We move on when another group descends on the tunnel for the photo opportunity. After half an hour of browsing, during which time I pick up a floppy paperback romance for me to read on the plane and a hardback for Lou, a new release from one of her favorite authors, we end up on the E line back to our AirBnB in Santa Monica. There's no space for me in Tay's apartment so when I booked this trip, we decided to make the most of it and rent a place by the beach for a few days.
It's been so worth it. It's been like the old days, sharing a space with my best friend, except this time instead of a view of a parking lot in Austin, our living room window looks over the Pacific Ocean. I'm going to miss it when I leave tomorrow. Tay will miss it more when she goes back to the single bed that only just fits in her closet of a room.
The hours fly by too fast. We spend the evening on the beach and we eat dinner on the balcony, watching the sun as it sets behind the waves. I blink and it's morning and it's time for me to go; Tay and I hug on the doorstep and we go in different directions. She has work in an hour. My flight leaves in three. I'm still on the bus to the airport when she sends me a picture from her desk and says, miss you already. tell the pilot to fly safe.
Will do, I text back with a saluting emoji and a heart.

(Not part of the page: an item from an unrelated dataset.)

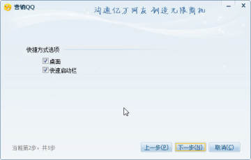 接下来。选择是否安装桌面及快速启动栏快捷方式,进行下一步操作

The pilot gets the message. I land in Boise in one piece at one p.m. and within twenty minutes of getting off the plane, I'm on the bus to Fisher. Lou is teaching until two, her schedule packed with all the kids who are on summer break for a couple more weeks, and I had to talk her out of canceling her lessons to come get me. I'm a big girl. I can take the bus. Even though it makes me want to tear my hair out every time it stops, every time it slows to thirty for no good reason, every time it adds another minute to the journey home.
I've had an incredible week with my cousins and my best friend, but now I want to be with my girlfriend and this slow ass bus driver is getting in the way of that. I want to throw my arms around Lou and kiss her for the first time in eight days; I want to see the look on her face when I give her a book I know she wants and I want to lie with her in the garden as we read totally different books and swap them when we're done.
The bus makes two stops in Fisher. One is in the town center, by the scaffolding-clad Lake View Hotel, and the other is at the golf club a mile down the road, which makes for a much shorter walk home. I'm the only person to get off there, tripping off the step and swinging my carry-on bag at the sidewalk hard enough that it sounds like a wheel cracks, but I don't care because I am so nearly home. Ten minutes, according to google. I break out my lesbian speed walk and make it in eight, running the last few meters from the dusty road to the front porch.
I dump everything to tear through the house in search of Lou. I already know where she'll be. It's a beautiful August day, the lake a glittering cerulean pool beneath a cloudless sky. She'll be on the dock, our favorite place to spend a free afternoon. Chores are for rainy days and dark evenings and dreary mornings. Sunny afternoons are for reading on the dock or rowing out into the middle of the lake or taking a meandering walk to the overlook, and Lou wouldn't do either of the latter two on her own.
There she is. Lying on the dock with a pillow beneath her head, her feet dangling in the water. Her auburn waves are spread out around her like a halo of fire and today's glasses match the water, the sky, the long skirt she has pulled up to her thighs. She sits up the minute she hears the back door, abandoning her book to scramble to her feet when I come flying at her with a hug so forceful I almost knock us both into the water. It wouldn't be the first time.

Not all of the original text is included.